Parker, famous for playing Carrie Bradshaw in “Sex and the City,” is getting a payout of more than $3 million in exchange for her ownership stake in the flailing fashion label — as well as an exit from the remainder of her contract as a Halston designer, The Post has learned.

Meanwhile, Hollywood mogul Weinstein is selling his stake in Halston, which had approached 10 percent, for between $1 million and $1.5 million, as the company finalizes a restructuring of its mounting debt load that could be announced as soon as today, sources said.

Those sums, while tidy by the standards of a struggling fashion brand, are paltry compared with what Parker and Weinstein had hoped to reap by returning Halston to the prominence it enjoyed in the ’70s and ’80s.

Parker, who had been designing a lower-price line called Halston Heritage, is ditching a contract that had entitled her to nearly $10 million over the next 3-½ years, according to one source close to the actress.

“Sarah felt that she has the opportunity to do a lot more with herself, and make a lot more money in the process, if she goes elsewhere,” according to the source, adding, “she was tired of all the conflict.”

Indeed, fashion sources said that Halston has been rocked this year by arguments between Weinstein and executives at Hilco, a Chicago-based liquidation firm that took control of Halston in 2007 in a $25 million buyout.

“There have been a lot of screaming matches,” a Halston insider told The Post. “They really couldn’t agree on too much — the management team, expenses, the company’s structure.”

Reached by phone yesterday, Chief Financial Officer Jeff Green declined to comment.

At the same time, the ranks at Halston’s SoHo headquarters have been devastated.
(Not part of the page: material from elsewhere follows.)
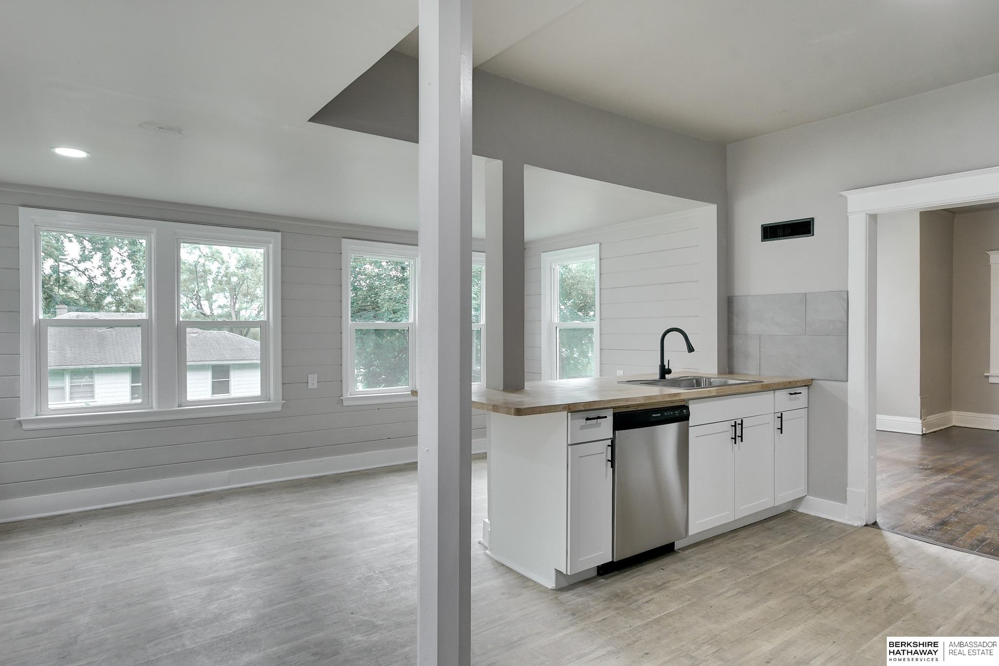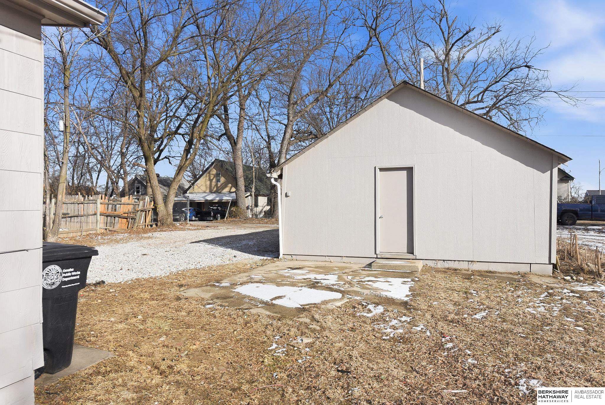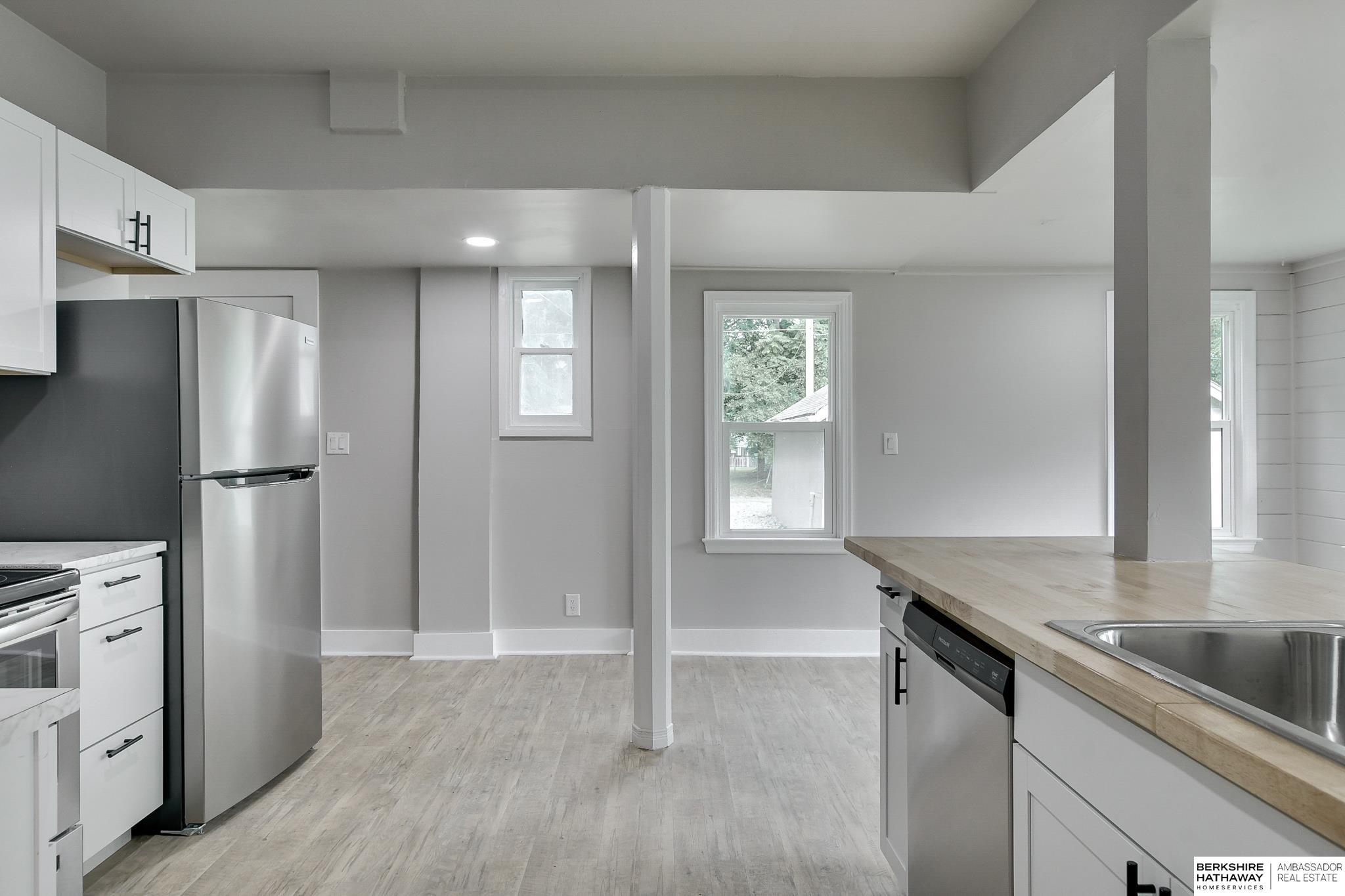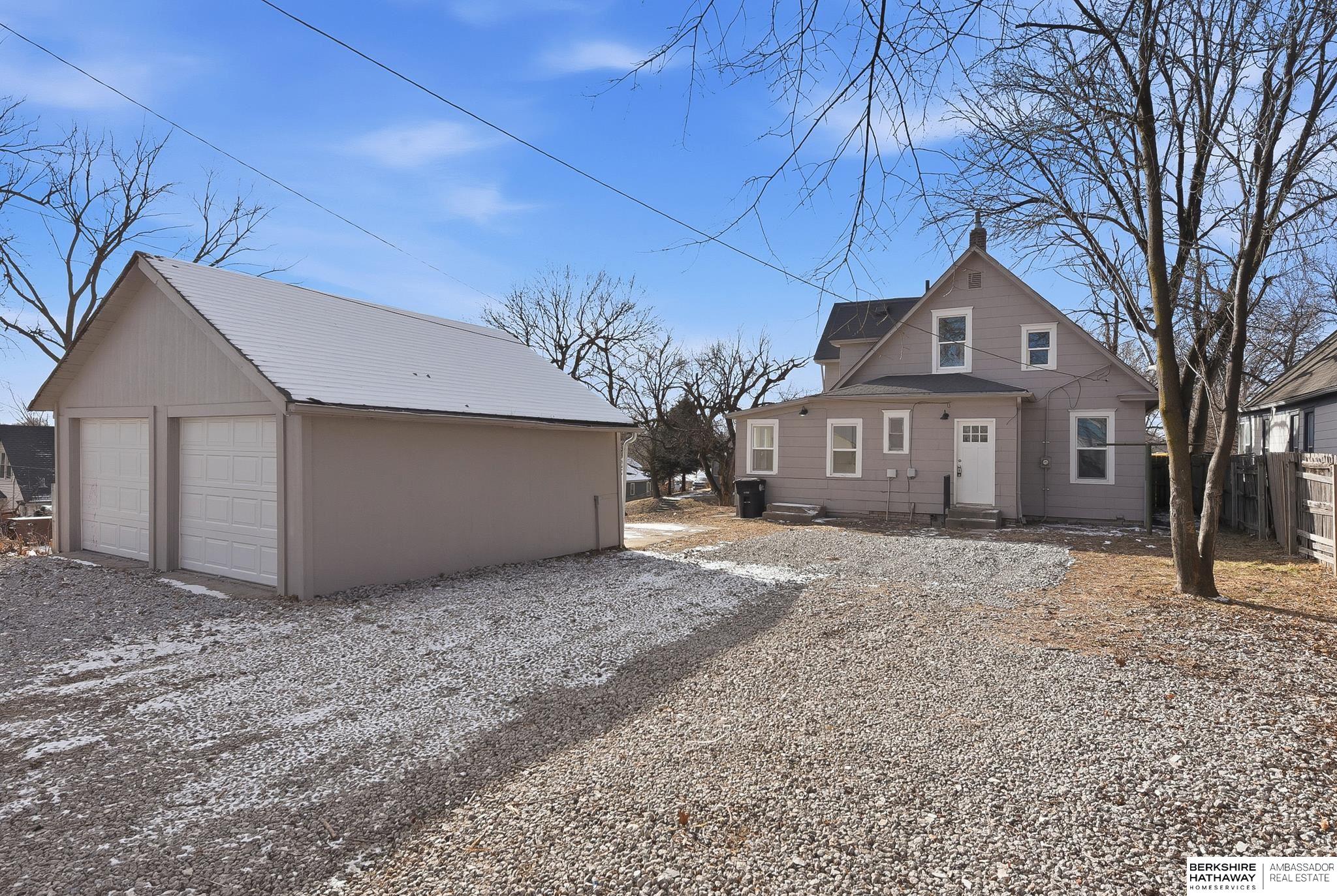 Welcome to this beautifully updated 3-bed, 1-bath home in North Omaha! Step inside to find fresh paint, refinished hardwood floors, and a bright, open floor plan. The living room flows seamlessly into a fully remodeled kitchen featuring new cabinetry, butcher block countertops, stainless steel appliances, and a breakfast bar perfect for entertaining. The spacious bathroom has been completely modernized with tiled shower walls, new vanity, and stylish fixtures. Large windows fill the home with natural light, creating a warm and inviting atmosphere. Outside, enjoy a private backyard with a rare oversized 2-car detached garage, offering plenty of storage or workspace. Conveniently located near parks, schools, shopping, and just minutes to downtown. This move-in ready home combines charm with modern upgrades. Perfect for homeowners or investors alike!

Marios Schwab, the London designer hired in 2009 to produce the company’s top line, has been “MIA for months,” according to one source. And this spring, Halston laid off “pretty much its entire sales team,” according to a SoHo source.
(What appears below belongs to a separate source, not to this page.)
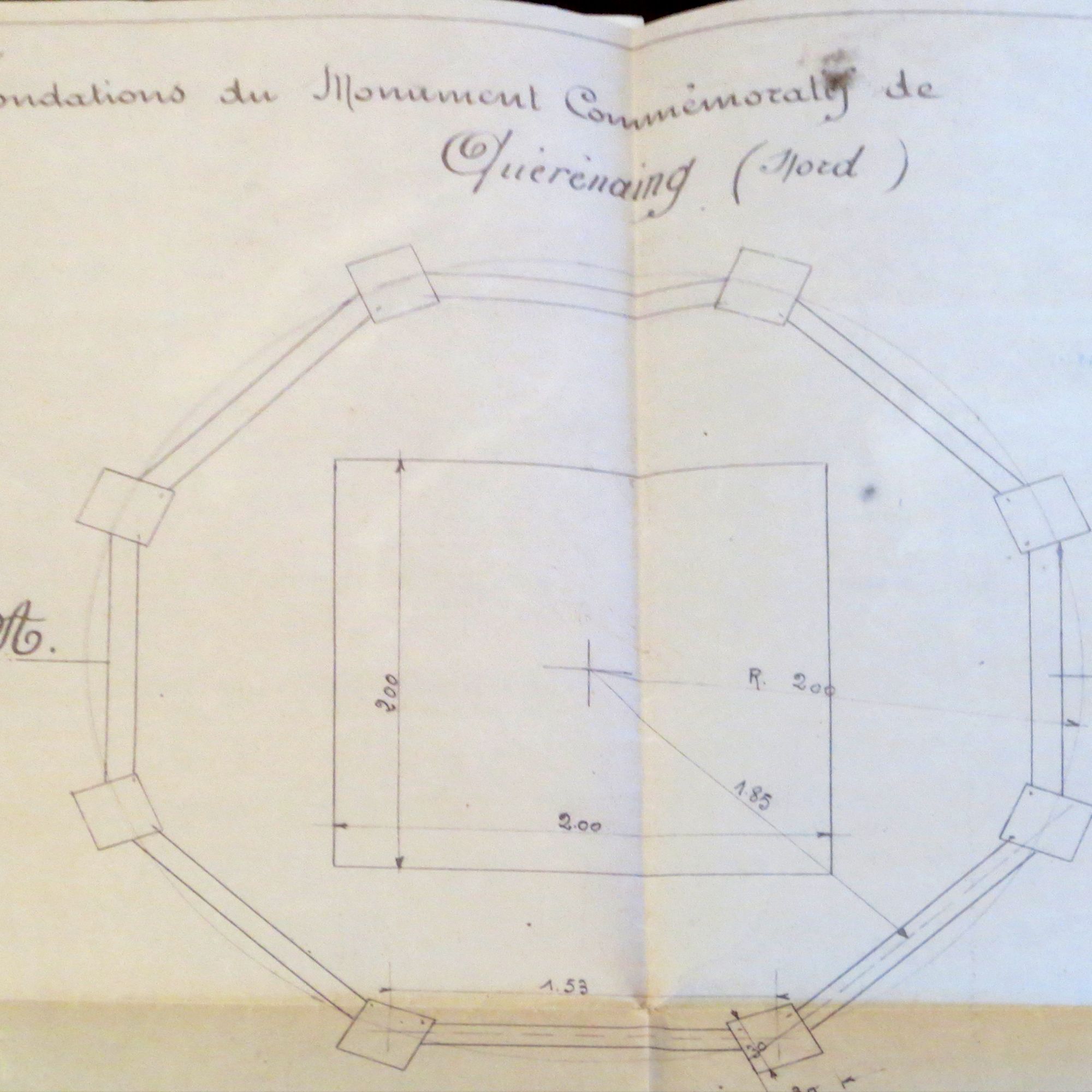 Il s'engage à faire exécuter les fondations du monument commémoratif suivant les indications du plan, ci joint, dressé par Monsieur Henri ARMBRUSTER architecte à Valenciennes

“Basically, this means they’re not selling anything, and they’re really not in business,” the source added. “They’re keeping it going so people believe there’s a body and not a corpse.”

Nevertheless, Halston has attracted interest from big fashion companies including Kellwood, which lately has stalked upscale labels including Catherine Malandrino. Halston also has seen interest from a China-based firm that considered funding a revival of its operations, according to one source.

Hilco itself is also weighing a licensing strategy for Halston as it restructures the label’s finances, sources said.

“I was very interested in pursuing a diversified business model that went beyond entertainment, and my involvement in Halston reflected that,” Weinstein said. “But over the past year or so, I realized that I wanted to concentrate my energies on entertainment.”